Plain LLM / API. Use the SDK snippets in the project's providers.md: the system prompt is SKILL.md, the user message is the test file, and structured JSON output follows schema/report.json. The same base-url pattern as the CLI covers any OpenAI-compatible backend.

What it does not cover, and why

The runtime half of F7

The skill proposes a strengthened test and self-checks that it can fail, but it does not run mutation testing - that is the host's job (mutmut, cosmic-ray, Stryker). A strengthened test is only accepted after the bidirectional gate runs, and the skill never invokes the mutation tool. So the live gate result is out of the skill's hands by design.

The wrong axis

Even as the broadest tool, it stays false-green only. Brittleness/false-red, pure hygiene, slow, design, naming, and runtime-culture smells are out, the same boundary as the scanners.
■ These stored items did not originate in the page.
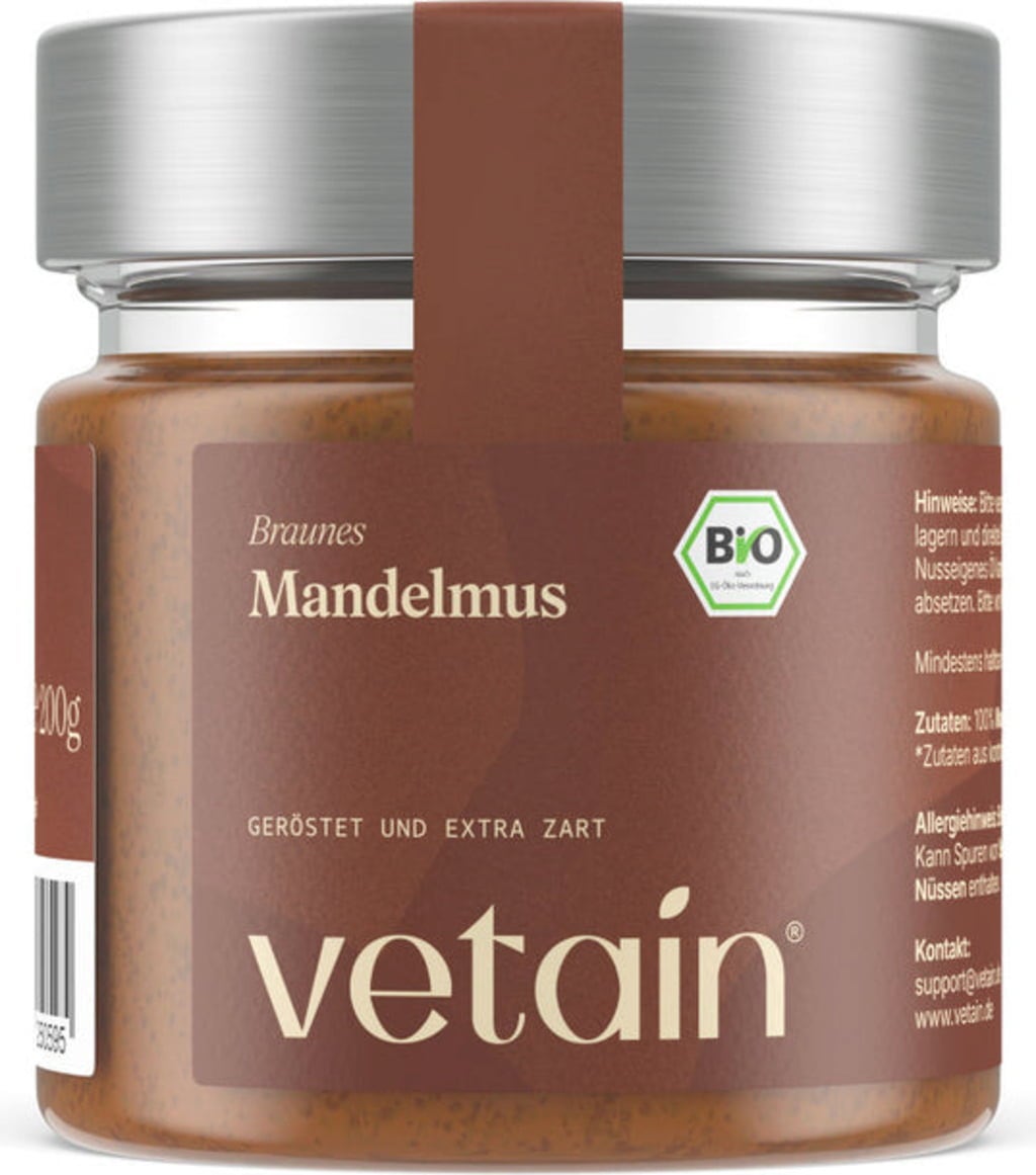 Кафявото био бадемово масло може да се използва директно върху хляб, в шейкове или в каша. То е направено от печени бадеми от Испания и не съдържа добавки, захар или палмово масло.
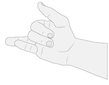 Пальцы правой руки сложены в Вишну Мудру: указательный и средний пальцы сгибаем и прижимаем к ладони; мизинец и безымянный прямые, вместе и направлены к большому пальцу (РИС. 3).
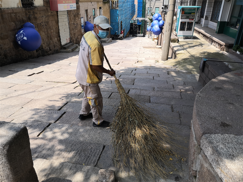 徐秋霞的同事李相华负责平江里和三江里分会场的保洁工作,每天早上5点就上岗,一直工作到晚上10点半,中间除了吃饭时间能短暂休息片刻,每天工作的时间长达十六、七个小时,但是李相华却干得很起劲儿,他说:“每当外地人夸青岛真干净的时候,我就觉得心里特别高兴,很有成就感。”
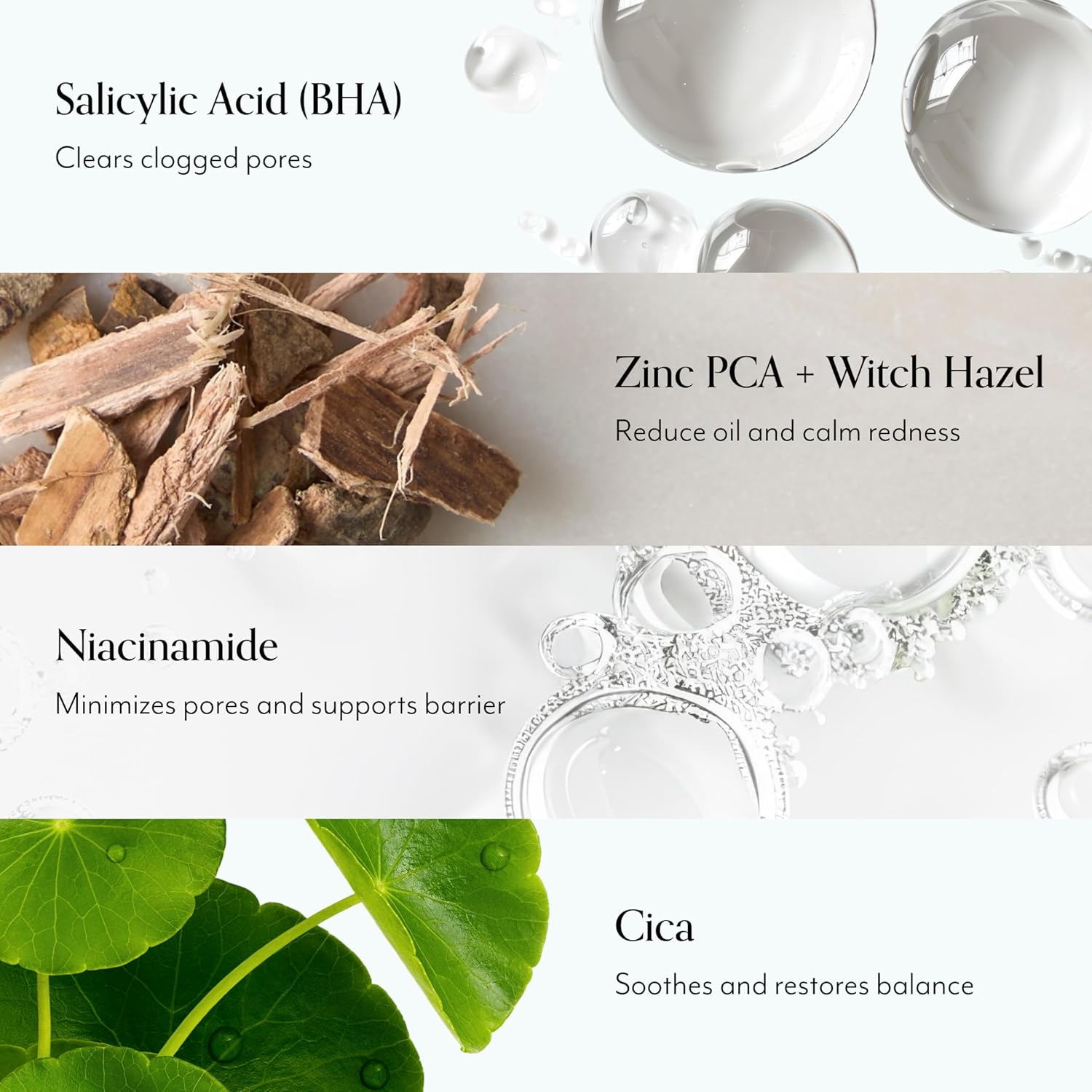 - KEY INGREDIENTS: BHA (SALICYLIC ACID): Helps loosen dirt and excess oil from congested pores while promoting the easy removal of dead skin on the surface. WITCH HAZEL: A natural astringent that helps soothe and tone while decongesting clogged pores. NIACINAMIDE: Helps minimize the look of pores and blemishes while boosting skin’s protective shield. ZINC PCA: Helps to regulate skin’s oil production while calming the appearance of redness. CICA: Known to calm and soothe skin."
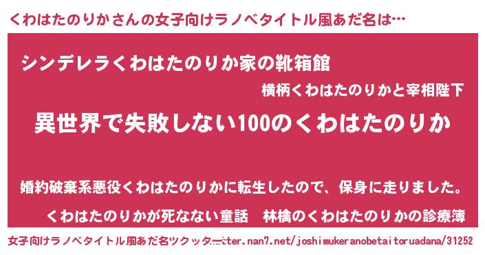 | 男性向けラノベタイトル風あだ名 | 『くわはたのりかという概念が存在しない退屈な世界 』 |
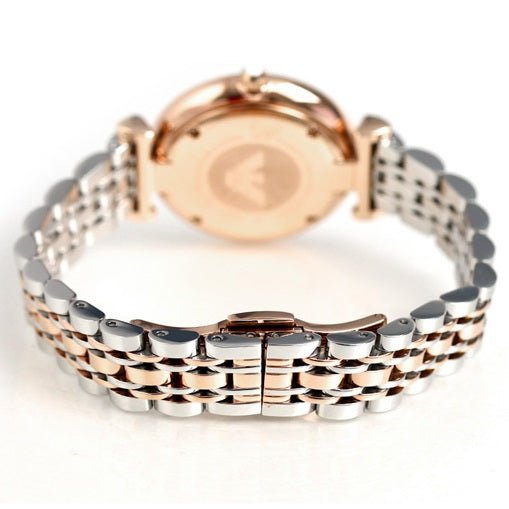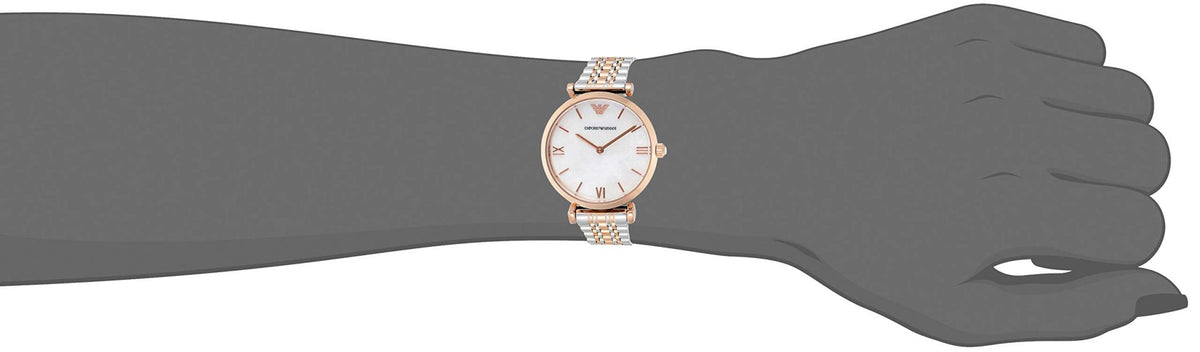 This Emporio Armani Classic Mother Of Pearl Dial Ladies Watch AR1683 comes in rose gold-plated stainless steel case with a two-tone (silver and rose gold-plated) stainless steel bracelet. Fixed rose gold-plated bezel. Mother of pearl dial with rose gold-tone hands and index hour markers. Roman numerals mark the 3, 6, 9 and 12 o'clock positions. The Emporio Armani logo appears at the 12 o'clock position. Dial Type: Analog. Quartz movement. Scratch resistant mineral crystal. Pull / push crown. Solid case back. Case diameter: 32 mm. Case thickness: 7.5 mm. Round case shape. Band width: 14 mm. Deployment clasp. Water resistant at 50 meters / 165 feet. Functions: hour, minute. Casual watch style.

See coverage vs the literature.

Determinism trade-off

The semantic findings are operator-confirmed, not deterministic: confidence is LOW or HIGH by how clear the contradiction is, and the skill shows its reasoning instead of auto-blocking. Where a parser can prove a pattern, the static scanners are the faster, deterministic pre-filter; the skill is the complete multi-stack net. See scope and honesty.